Items listed in a dataset
▬▬▬▬▬▬
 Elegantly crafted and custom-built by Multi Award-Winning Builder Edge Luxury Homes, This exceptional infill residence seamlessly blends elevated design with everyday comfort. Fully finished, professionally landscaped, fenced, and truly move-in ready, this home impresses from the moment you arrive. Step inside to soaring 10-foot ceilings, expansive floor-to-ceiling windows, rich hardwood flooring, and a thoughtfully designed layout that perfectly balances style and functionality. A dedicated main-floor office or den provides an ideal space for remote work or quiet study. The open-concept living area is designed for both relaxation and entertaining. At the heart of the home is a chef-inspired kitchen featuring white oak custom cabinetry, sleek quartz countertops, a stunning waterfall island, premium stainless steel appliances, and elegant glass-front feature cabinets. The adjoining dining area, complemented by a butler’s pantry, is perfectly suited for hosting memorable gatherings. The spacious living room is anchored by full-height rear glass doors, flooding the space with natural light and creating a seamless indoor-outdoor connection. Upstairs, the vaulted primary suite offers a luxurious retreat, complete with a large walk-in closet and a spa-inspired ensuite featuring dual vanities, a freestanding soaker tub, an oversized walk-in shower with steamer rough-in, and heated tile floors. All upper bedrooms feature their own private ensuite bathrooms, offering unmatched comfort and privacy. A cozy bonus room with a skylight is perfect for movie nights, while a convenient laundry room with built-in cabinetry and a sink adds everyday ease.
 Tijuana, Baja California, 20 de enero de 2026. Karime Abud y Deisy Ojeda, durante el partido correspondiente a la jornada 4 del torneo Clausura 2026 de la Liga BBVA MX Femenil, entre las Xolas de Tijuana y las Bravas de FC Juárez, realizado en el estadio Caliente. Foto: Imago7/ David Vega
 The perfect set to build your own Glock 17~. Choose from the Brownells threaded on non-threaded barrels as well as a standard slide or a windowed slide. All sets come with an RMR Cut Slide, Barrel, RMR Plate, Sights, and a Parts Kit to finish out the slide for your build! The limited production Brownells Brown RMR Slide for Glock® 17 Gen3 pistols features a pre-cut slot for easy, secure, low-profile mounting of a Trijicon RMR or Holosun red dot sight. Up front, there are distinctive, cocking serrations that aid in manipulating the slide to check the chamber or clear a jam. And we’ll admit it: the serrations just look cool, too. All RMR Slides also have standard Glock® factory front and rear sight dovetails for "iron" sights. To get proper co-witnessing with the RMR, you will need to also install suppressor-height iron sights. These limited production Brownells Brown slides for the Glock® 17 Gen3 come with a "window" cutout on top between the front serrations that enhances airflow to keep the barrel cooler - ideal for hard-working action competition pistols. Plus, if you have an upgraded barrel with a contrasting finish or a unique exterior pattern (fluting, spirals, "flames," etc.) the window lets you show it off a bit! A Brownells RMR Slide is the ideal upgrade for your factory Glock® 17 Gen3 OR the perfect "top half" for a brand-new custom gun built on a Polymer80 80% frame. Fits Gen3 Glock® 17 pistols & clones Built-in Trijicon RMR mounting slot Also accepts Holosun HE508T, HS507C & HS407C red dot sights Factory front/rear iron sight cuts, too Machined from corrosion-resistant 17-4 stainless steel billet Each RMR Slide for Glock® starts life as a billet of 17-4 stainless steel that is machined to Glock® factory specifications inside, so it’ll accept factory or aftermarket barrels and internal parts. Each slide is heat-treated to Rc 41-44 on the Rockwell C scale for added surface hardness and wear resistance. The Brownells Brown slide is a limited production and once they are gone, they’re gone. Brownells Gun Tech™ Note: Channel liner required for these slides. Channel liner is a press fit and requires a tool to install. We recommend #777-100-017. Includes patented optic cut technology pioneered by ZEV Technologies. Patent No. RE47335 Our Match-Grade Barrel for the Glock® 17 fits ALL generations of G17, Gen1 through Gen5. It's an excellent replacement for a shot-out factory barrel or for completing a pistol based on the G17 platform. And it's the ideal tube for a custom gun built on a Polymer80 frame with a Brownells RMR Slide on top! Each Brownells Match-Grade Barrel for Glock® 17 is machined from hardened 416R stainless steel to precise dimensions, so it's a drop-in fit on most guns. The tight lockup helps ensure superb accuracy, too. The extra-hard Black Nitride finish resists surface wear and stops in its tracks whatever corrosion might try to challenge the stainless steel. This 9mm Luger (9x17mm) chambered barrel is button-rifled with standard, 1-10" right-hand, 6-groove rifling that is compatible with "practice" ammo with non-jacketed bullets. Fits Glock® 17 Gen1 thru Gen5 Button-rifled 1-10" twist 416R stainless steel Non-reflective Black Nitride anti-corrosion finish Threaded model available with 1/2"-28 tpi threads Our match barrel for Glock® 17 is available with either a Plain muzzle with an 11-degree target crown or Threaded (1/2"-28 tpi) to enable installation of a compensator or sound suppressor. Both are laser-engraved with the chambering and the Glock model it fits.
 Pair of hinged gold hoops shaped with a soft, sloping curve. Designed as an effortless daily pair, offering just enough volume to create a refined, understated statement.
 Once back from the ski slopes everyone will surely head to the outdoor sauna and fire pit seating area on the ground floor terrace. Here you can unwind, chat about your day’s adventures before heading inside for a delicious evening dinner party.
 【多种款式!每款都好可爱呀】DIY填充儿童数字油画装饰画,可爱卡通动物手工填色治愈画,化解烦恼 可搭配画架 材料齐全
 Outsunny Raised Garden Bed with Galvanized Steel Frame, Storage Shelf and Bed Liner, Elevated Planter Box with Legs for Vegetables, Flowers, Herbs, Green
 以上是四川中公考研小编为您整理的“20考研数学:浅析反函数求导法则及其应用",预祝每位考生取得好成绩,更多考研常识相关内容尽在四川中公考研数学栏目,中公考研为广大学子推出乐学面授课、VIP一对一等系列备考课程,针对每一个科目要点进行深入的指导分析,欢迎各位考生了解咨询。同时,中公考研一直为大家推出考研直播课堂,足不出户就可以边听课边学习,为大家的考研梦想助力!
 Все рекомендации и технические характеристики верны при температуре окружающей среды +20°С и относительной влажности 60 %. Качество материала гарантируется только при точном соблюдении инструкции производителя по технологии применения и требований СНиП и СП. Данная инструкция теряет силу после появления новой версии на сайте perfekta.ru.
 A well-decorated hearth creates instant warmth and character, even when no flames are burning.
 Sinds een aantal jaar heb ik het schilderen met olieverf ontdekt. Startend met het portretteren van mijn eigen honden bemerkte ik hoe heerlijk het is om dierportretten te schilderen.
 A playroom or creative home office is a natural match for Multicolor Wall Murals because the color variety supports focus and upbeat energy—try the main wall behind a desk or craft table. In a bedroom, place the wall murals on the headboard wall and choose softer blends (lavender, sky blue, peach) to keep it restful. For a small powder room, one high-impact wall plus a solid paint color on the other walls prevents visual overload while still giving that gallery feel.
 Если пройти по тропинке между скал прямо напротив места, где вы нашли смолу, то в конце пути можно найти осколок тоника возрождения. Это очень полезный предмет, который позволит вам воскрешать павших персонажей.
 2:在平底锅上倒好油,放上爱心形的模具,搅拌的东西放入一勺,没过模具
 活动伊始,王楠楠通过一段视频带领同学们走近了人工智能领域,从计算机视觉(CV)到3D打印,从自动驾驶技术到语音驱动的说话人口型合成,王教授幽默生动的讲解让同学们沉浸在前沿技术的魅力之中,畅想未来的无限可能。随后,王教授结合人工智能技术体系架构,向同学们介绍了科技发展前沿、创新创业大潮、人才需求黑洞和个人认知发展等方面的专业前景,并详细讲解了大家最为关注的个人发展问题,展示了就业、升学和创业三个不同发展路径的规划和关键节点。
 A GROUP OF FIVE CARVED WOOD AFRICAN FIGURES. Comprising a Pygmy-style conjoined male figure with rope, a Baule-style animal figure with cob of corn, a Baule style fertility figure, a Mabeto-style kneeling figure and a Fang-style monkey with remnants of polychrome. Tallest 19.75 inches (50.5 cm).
▬▬▬▬▬▬
▸ Exercise aim
In the entries above, take the line containing "Если пройти по" and each later line through the last, and repeat them exactly. Output nothing else.

▸ Worked solution
 Если пройти по тропинке между скал прямо напротив места, где вы нашли смолу, то в конце пути можно найти осколок тоника возрождения. Это очень полезный предмет, который позволит вам воскрешать павших персонажей.
 2:在平底锅上倒好油,放上爱心形的模具,搅拌的东西放入一勺,没过模具
 活动伊始,王楠楠通过一段视频带领同学们走近了人工智能领域,从计算机视觉(CV)到3D打印,从自动驾驶技术到语音驱动的说话人口型合成,王教授幽默生动的讲解让同学们沉浸在前沿技术的魅力之中,畅想未来的无限可能。随后,王教授结合人工智能技术体系架构,向同学们介绍了科技发展前沿、创新创业大潮、人才需求黑洞和个人认知发展等方面的专业前景,并详细讲解了大家最为关注的个人发展问题,展示了就业、升学和创业三个不同发展路径的规划和关键节点。
 A GROUP OF FIVE CARVED WOOD AFRICAN FIGURES. Comprising a Pygmy-style conjoined male figure with rope, a Baule-style animal figure with cob of corn, a Baule style fertility figure, a Mabeto-style kneeling figure and a Fang-style monkey with remnants of polychrome. Tallest 19.75 inches (50.5 cm).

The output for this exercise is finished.